Bug 66991 - Instrument NRWT or DRT to check whether DRT is timing out too early
Summary: Instrument NRWT or DRT to check whether DRT is timing out too early
Status: RESOLVED WONTFIX
Alias: None
Product: WebKit
Classification: Unclassified
Component: Tools / Tests (show other bugs)
Version: 528+ (Nightly build)
Hardware: Unspecified Unspecified
: P2 Normal
Assignee: Nobody
URL:
Keywords:
Depends on:
Blocks: 64491
  Show dependency treegraph
 
Reported: 2011-08-25 15:39 PDT by Peter Kasting
Modified: 2012-06-08 16:20 PDT (History)
4 users (show)

See Also:


Attachments

Note You need to log in before you can comment on or make changes to this bug.
Description Peter Kasting 2011-08-25 15:39:13 PDT
Dirk investigated two reports of mine of strange DRT behavior w.r.t. timeouts:

(1) Sometimes a test will be marked as TIMEOUT but will only claim to have taken a fraction of the available time.  See e.g. http://test-results.appspot.com/dashboards/flakiness_dashboard.html#group=%40DEPS%20-%20chromium.org&tests=fast%2Fforms%2Fform-associated-element-crash3.html where some tests TIMEOUT after 9 seconds when they should get 60.

(2) Sometimes a test will be marked as TIMEOUT without reporting a time at all.  See e.g. http://test-results.appspot.com/dashboards/flakiness_dashboard.html#tests=fast%2Fdom%2FDOMImplementation%2FcreateDocumentType-err.html .

Dirk's comments to me were as follows:

"So, NRWT (in the Chromium case) decides that a test has timed out
because it is told by DRT that it did ... we pass a timeout value to
use to DRT, and then it tells us whether or not it took too long.

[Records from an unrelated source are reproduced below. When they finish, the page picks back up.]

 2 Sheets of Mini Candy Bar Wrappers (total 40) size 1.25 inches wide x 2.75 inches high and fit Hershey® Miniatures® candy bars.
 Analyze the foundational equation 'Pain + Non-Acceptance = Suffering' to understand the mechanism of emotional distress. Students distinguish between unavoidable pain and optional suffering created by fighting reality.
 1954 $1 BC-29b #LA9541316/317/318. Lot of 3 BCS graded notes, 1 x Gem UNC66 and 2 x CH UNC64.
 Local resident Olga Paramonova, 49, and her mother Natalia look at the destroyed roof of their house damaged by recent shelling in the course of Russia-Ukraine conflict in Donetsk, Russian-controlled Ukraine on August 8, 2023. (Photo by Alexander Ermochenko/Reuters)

"This means that either (a) we're passing in the wrong value, or (b)
DRT is buggy and timing out too early. I verified that we were passing
in the correct value in at least one try, so I'm wondering if (b) is
the problem here.

"That would also explain how we can get some timeout results with no number.

"It would be straightforward to instrument either NRWT or DRT to check
for this. Can you file a bug for this?"

This is that bug.
Comment 1 Dirk Pranke 2011-08-25 15:44:45 PDT
Adding Tony to this as well ... note that this has definitely been seen on Linux and looks like it happens on windows as well. Haven't checked to see if this is happening on the Mac.

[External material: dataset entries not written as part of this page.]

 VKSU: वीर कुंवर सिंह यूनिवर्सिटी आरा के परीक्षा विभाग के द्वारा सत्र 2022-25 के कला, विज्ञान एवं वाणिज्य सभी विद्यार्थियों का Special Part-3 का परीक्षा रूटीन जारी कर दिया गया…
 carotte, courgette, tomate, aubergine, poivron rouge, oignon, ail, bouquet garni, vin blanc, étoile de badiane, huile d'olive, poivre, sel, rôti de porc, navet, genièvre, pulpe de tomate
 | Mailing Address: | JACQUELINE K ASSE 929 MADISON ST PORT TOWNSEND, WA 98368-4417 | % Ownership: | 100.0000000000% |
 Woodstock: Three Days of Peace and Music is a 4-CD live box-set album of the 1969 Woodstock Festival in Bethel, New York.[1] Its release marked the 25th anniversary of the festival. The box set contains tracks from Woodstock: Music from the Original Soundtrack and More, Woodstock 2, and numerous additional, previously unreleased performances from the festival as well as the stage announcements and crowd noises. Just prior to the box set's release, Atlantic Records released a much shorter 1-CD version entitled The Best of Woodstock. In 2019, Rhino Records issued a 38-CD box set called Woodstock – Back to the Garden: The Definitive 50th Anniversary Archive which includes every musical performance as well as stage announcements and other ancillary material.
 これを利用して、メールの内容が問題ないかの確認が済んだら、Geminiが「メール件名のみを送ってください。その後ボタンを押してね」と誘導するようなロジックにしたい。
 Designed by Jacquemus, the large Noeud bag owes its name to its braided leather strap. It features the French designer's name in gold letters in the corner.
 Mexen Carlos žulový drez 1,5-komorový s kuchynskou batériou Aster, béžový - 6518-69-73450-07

It's a bit of a toss-up as to how to deal with such a thing (short of fixing the bug, obviously). My first though would be to instrument DRT to print to stderr when it thinks a test has timed out (and to print the timeout we were given), and/or instrument NRWT to log the timeout we passed it and how long the test did take.

There's a question of whether NRWT should override DRT's interpretation and consider the test some other kind of failure instead of a TIMEOUT, but I don't know that it matters that much. We don't really have any other way to indicate "the testing infrastructure didn't work right" as opposed to "the test failed".
Comment 2 Peter Kasting 2011-08-25 16:13:02 PDT
In http://build.chromium.org/p/chromium.webkit/builders/Webkit%20Mac10.6%20%28CG%29/builds/342/steps/webkit_tests/logs/stdio , searching for pdf-as-background shows this output:

***
2011-08-25 15:54:43,868 26177 single_test_runner.py:221 DEBUG worker/13 fast/images/pdf-as-background.html output stderr lines:


2011-08-25 15:54:43,868 26177 worker.py:158 DEBUG worker/13 killing driver
2011-08-25 15:54:43,869 26177 worker.py:180 DEBUG worker/13 fast/images/pdf-as-background.html failed:
2011-08-25 15:54:43,869 26143 printing.py:469 INFO   fast/images/pdf-as-background.html -> unexpected test timed out
2011-08-25 15:54:43,869 26177 worker.py:182 DEBUG worker/13  Test timed out
***

This suggests that in this case some other error is resulting in "kill test, claim timeout" which (looking at http://test-results.appspot.com/dashboards/flakiness_dashboard.html#tests=fast%2Fimages%2Fpdf-as-background.html ) is then getting reported as "timeout, 2 seconds" or similar.
Comment 3 Eric Seidel (no email) 2011-08-25 17:12:42 PDT
I wonder if this could relate to bug 63981.
Comment 4 Dirk Pranke 2012-06-08 16:00:38 PDT
I'm not sure if this is still an issue; I haven't seen anything suspicious like this in quite a while, and we use a totally different code path for handling timeouts now. Peter, are you okay with me closing this?
Comment 5 Peter Kasting 2012-06-08 16:20:37 PDT
If you don't think there's value in this bug, closing is fine.